Neuropeptide Y (vertebrate homologue of NPF) has been linked to neurodegenerative diseases such as Alzheimer’s disease and Huntington’s disease. Studies have shown that concentrations on NPY are reduced in the cerebral cortex of Alzheimer’s patients, and this may be correlated to a loss of its’ corresponding (nonpyramidal) neurons (Dr. Flint Beal, M., & Dr. Martin, J.B., 2008 and Dr. Kowall, N.W., & Dr. Flint Beal, M. 1988). In Huntington’s disease, studies have shown an increase in the amount of NPY, which has been correlated to the preservation of the associated neurons (Flint Beal, M., et. al., 1986).
Future developments:
All these studies are on complex systems and neuronal pathways that are not yet completely understood. I believe if we are to reliably know the role of NPY in vertebrates and NPF in invertebrates then we have to understand these complicated systems first. After we posses that knowledge, we can further analyze these neuropeptides to gain a complete understanding of their effects and capabilities.
REFERENCES
1) Dougan, P.M., Mair, G.R., Halton, D.W., Curry, W.J., Day, T.A., & Maule, A.G. (2002). Gene Organization and Expression of a Neuropeptide Y Homolog from the Land Planarian Arthurdendyus triangulates. The journal of comparative neurology. 454; 58-64.
2) Dr. Flint Beal, M., & Dr. Martin, J.B. (2008). Neuropeptides in neurological disease. Annals of Neurology. 20(5); 547-565.
3) Dr. Kowall, N.W., & Dr. Flint Beal, M. (1988). Cortical somatostatin, neuropeptides Y, and NADPH diaphorase neurons: Normal anatomy and alterations in Alzheimer’s disease. Annals of Neurology. 23(2); 105-114.
4) Flint Beal, M., Kowall, N.W., Ellison, D.W., Mazurek, M.F., Swartz, J.K., & Martin, J.B. (1986). Replication of the neurochemical characteristics of Huntington’s disease by quinolinic acid. Nature. 321; 168-171.
5) Lee, G., Bahn, J.H., & Park, J.H. (2006). Sex- and clock-controlled expression of the neuropeptide F gene in Drosophila. PNAS. 103(33); 12580-12585.
6) Lingo, P.R., Zhao, Z., & Shen, P. (2007). Co-regulation of Cold-Resistant Food Acquisition by insulin- and Neuropeptide Y-like Systems in Drosophila melanogaster. Neuroscience. 148(2): 371-374.

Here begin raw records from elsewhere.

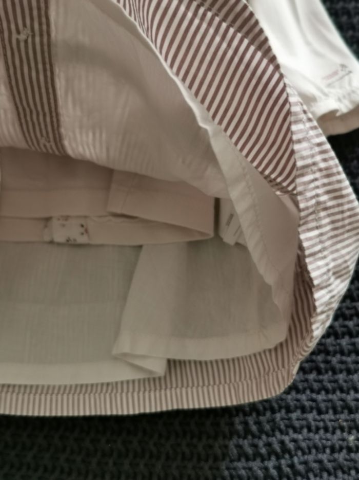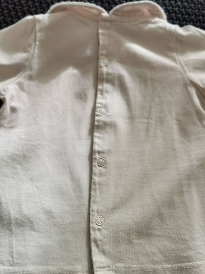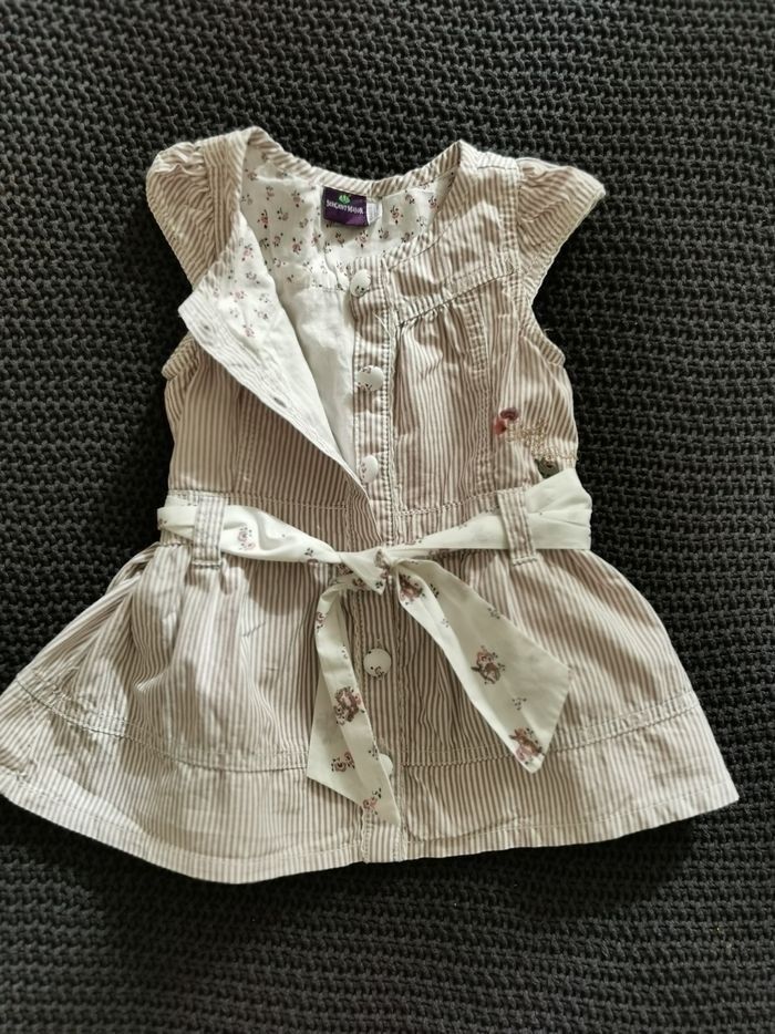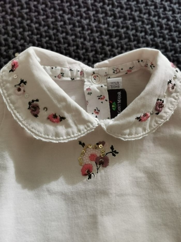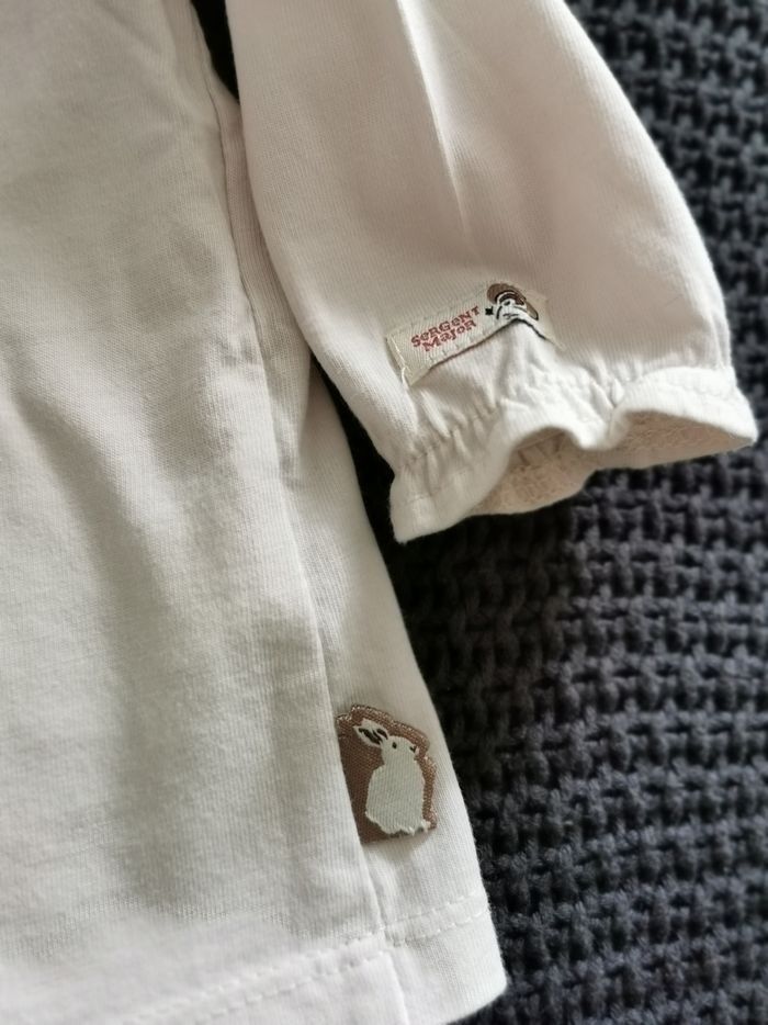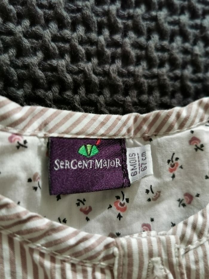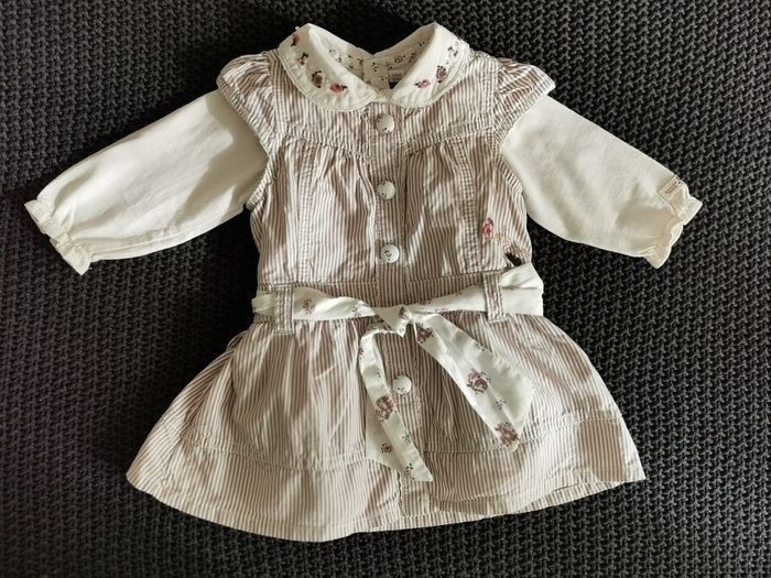 Ensemble Sergent Major composé d'une robe et un t-shirt manches longues. La Robe est de couleur crème à rayures, en percale de coton entièrement deboutonnable et doublée, les boutons sont enrobé de tissu assorti à la ceinture qui est en tissu et amovible. Le t-shirt à col est entièrement deboutonnable dans le dos par boutons pression, les manches sont elastiquées et dispose d'un joli col brodé de fleurs avec des sequins. Une pampille lapin sur le côtés s'ajoute aux nombreux détails comme sait bien faire la marque. Le tout est en très bon état.
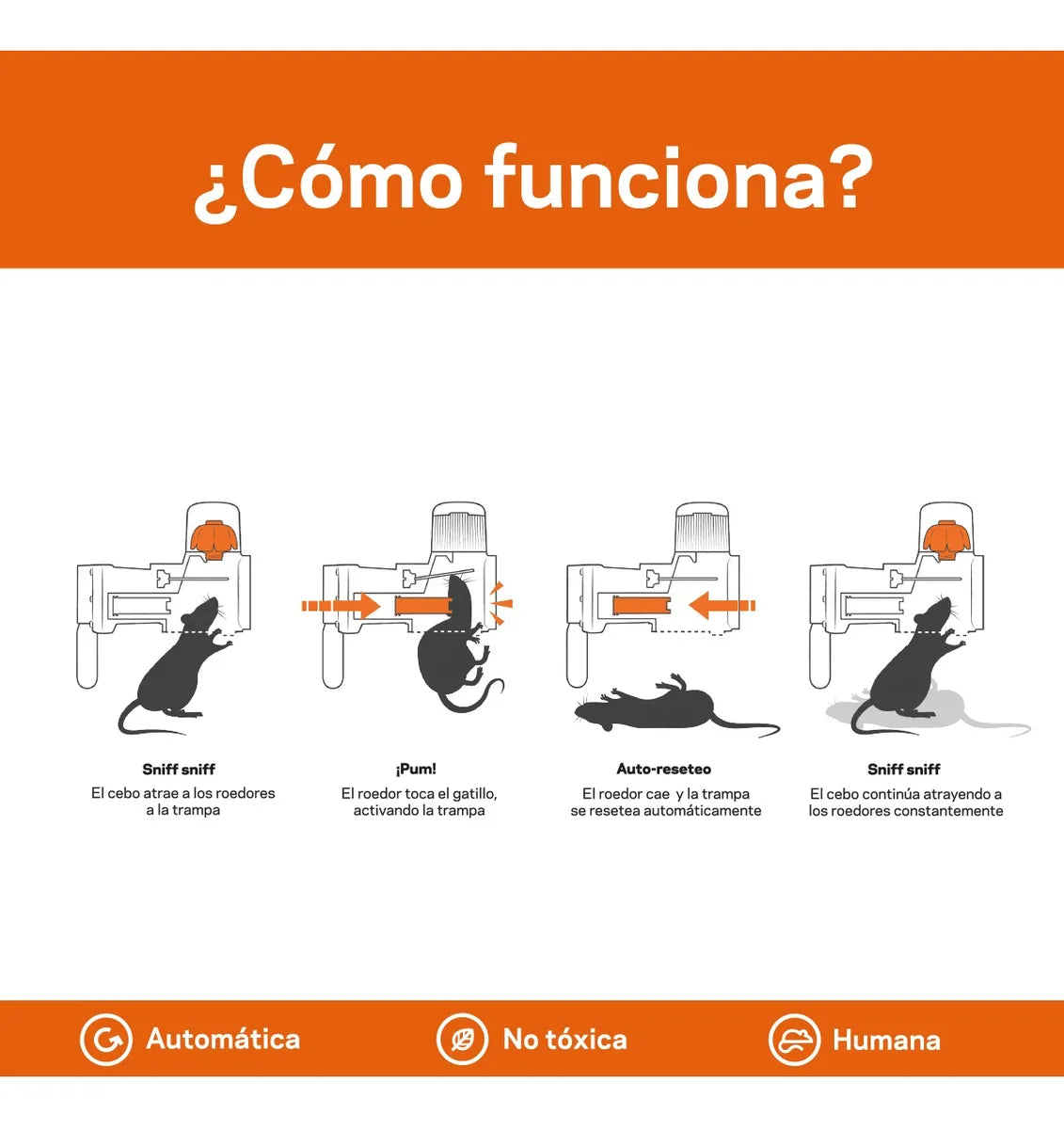 Control automático y a largo plazo de plagas de forma sencilla. El kit Smart Trap tiene todo lo que necesita para controlar las plagas de forma segura y eficaz. La tapa Smart Cap registra cada vez que se elimina una plaga, incluyendo el día, la hora y la temperatura del aire, y actualiza la aplicación a través de Bluetooth cuando visita su trampa para realizar el mantenimiento.
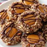 Delicious Salted Caramel Turtle Thumbprint Cookies featuring a rich cocoa cookie base coated with chopped pecans, filled with smooth salted caramel, and drizzled with melted chocolate. Perfectly balanced with a touch of flaky sea salt for a sweet and salty treat.
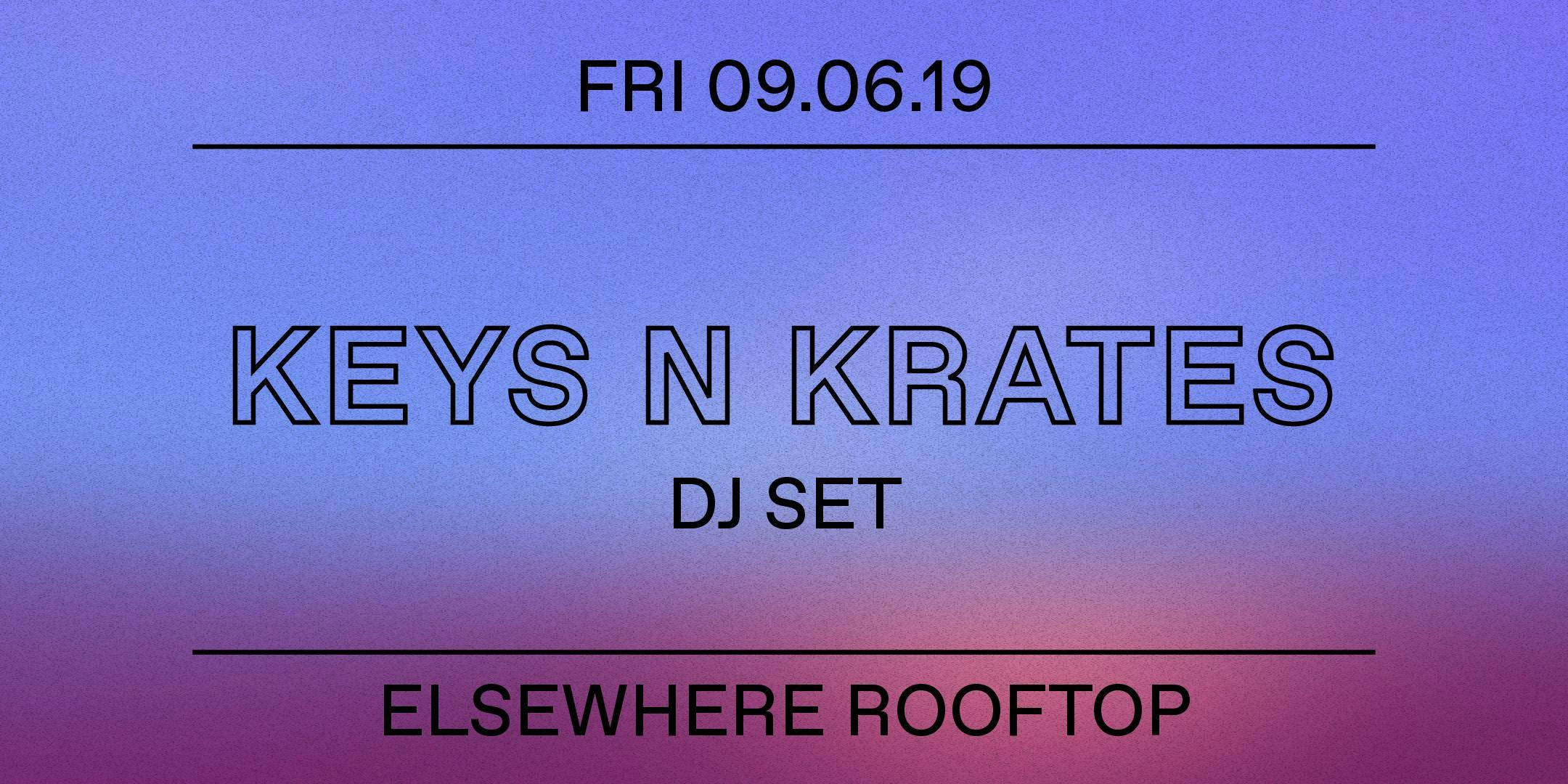 ☼ Performances└ Keys N Krates (DJ Set)└└ Jubilee└└└ Chong the Nomad (DJ Set) Doors: 5PMPerformances: 5PM - 10PMRoof deck closes at: 4AMDOOR: $25---- ☼ About Elsewhere RooftopElsewhere Rooftop is a seasonal large outdoor bar and events space, offering a signature frozen drink menu, shows & parties, sunset DJ sessions, food pop-ups, film screenings, art happenings, and much more all summer. Full calendar at https://bit.ly/2UMjRb3 ☼ Hours*The Rooftop usually opens at 6PM Monday through Friday and 2PM Saturday & Sunday, but is only open when the following events are happening: https://bit.ly/2UMjRb3 — please do make sure to check the rooftop calendar before stopping by! ☼ Rain or Shine PolicyAll shows and events on the Rooftop are rain or shine! If the weather prevents us from carrying on, we will update customers via our website, Facebook, Instagram, Twitter, Eventbrite and Resident Advisor.  ☼ Safer Space PolicyELSEWHERE MAINTAINS A STRICT ZERO TOLERANCE POLICY FOR HARASSMENTElsewhere is intended to be a safe space to enjoy music, art, expression, and free play. Our staff are trained to remove individuals engaging in any form of sexual harassment, acts of aggression (including leering), racism, misogyny, transphobia, homophobia, religious bigotry, or hatred and discrimination of any kind. If you see or experience any unwanted attention, contact, bullying, harassment, or behavior of any kind that makes you uncomfortable, please speak out and notify our staff immediately.Please read our full policy at: https://bit.ly/2VxByad
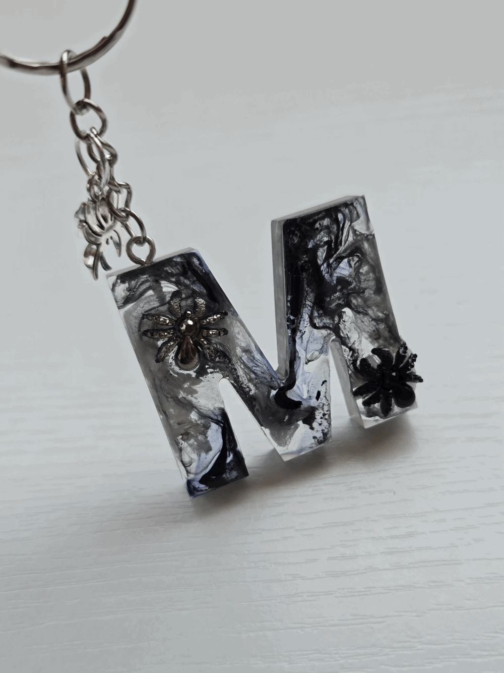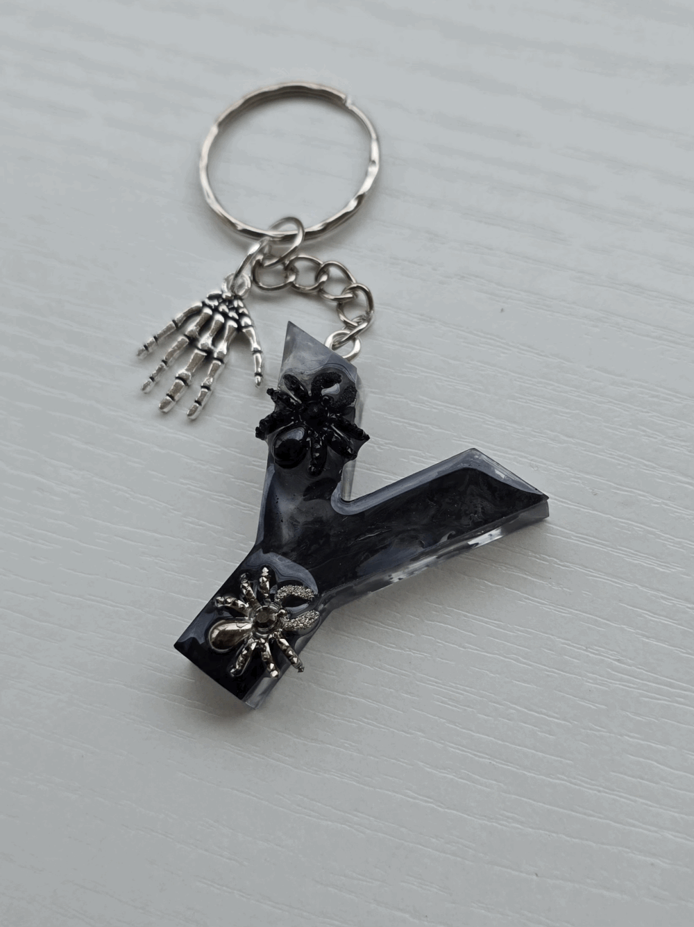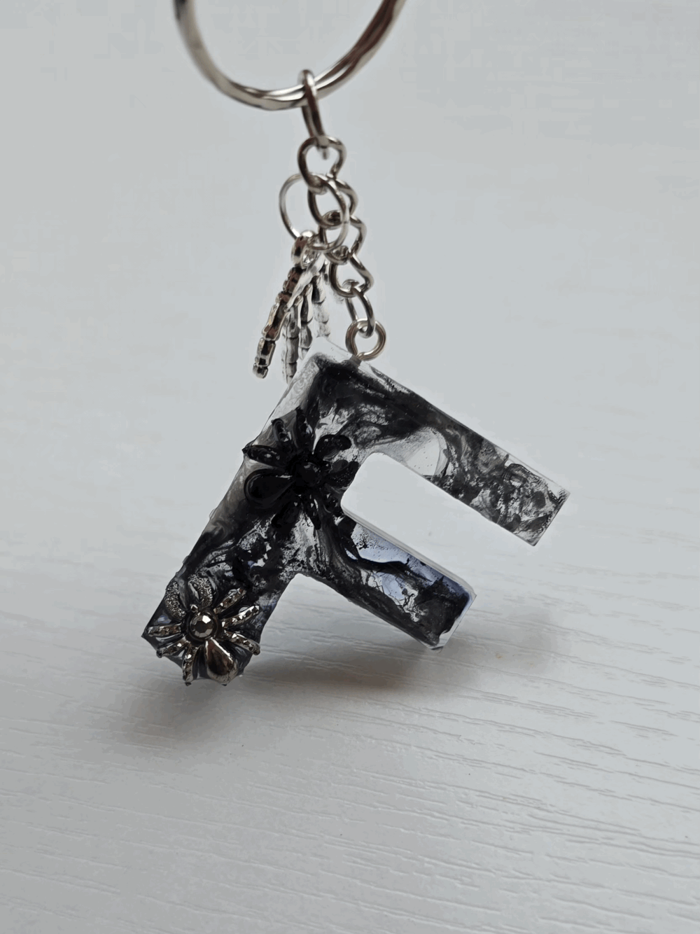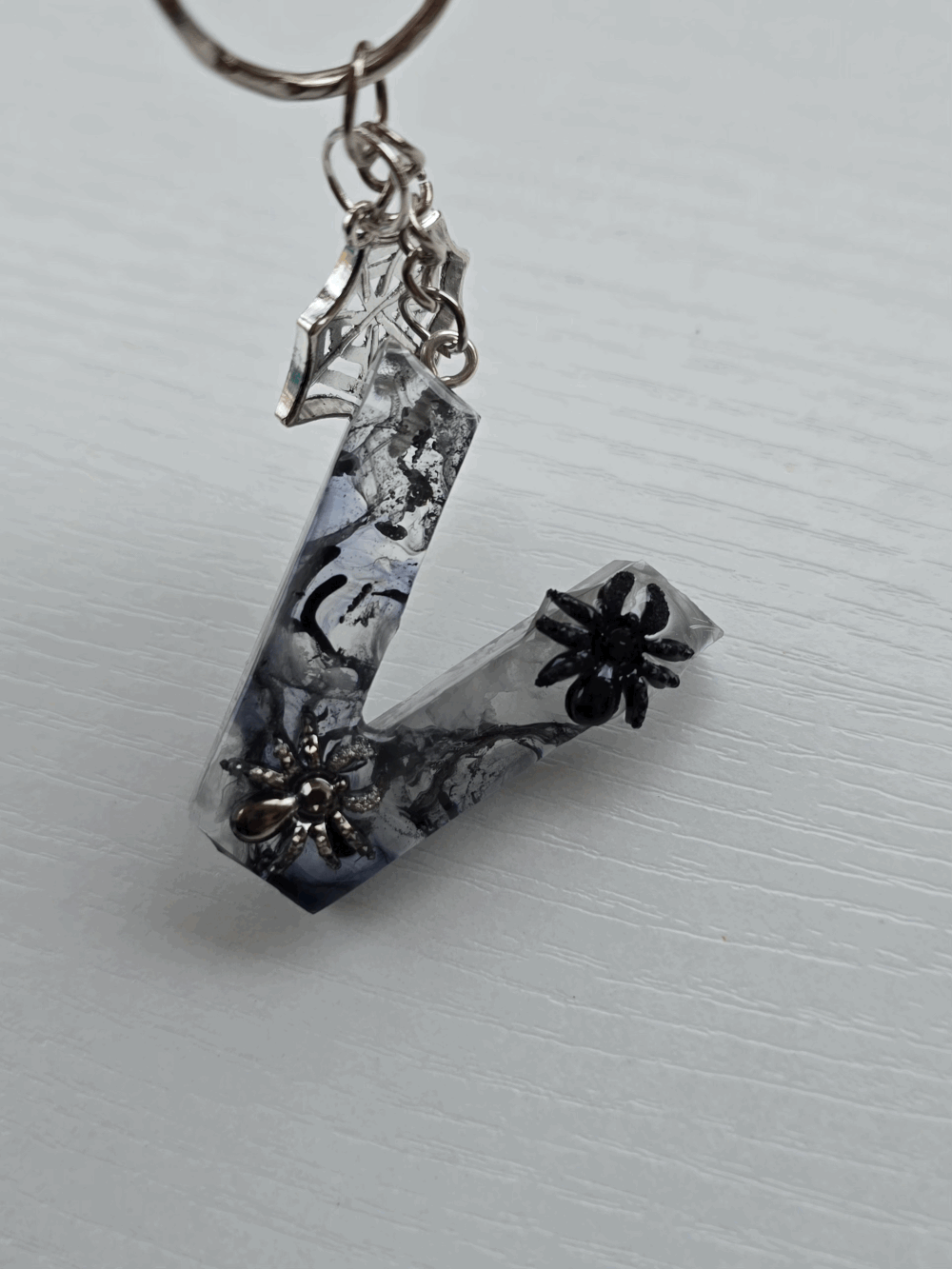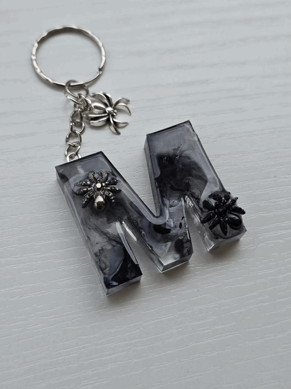 Chaque pièce unique présente un élégant effet fumé à l'intérieur, créant un mystérieux nuage qui semble emprisonné dans la résine. Pour un look encore plus captivant, de petites décorations en forme d'araignée sont délicatement posées sur la surface, ajoutant une touche sinistre et effrayante. Les porte-clés sont également ornés de breloques assorties, ajoutant une finition charmante et thématique.

7) Wen, T., Parrish, C., Wu, D., & Shen, P. (2005). Drosophila neuropeptide F and its receptor, NPFR1, define a signaling pathway that acutely modulates alcohol sensitivity. PNAS. 102(6); 2141-2146.
8) Wu, Q., Wen, T., Lee, G., Park, J.H., Cai, H.N., & Shen, P. (2003). Developmental Control of Foraging and Social Behaviour by the Drosophila Neuropeptide Y-like System. Neuron. 39; 147-161.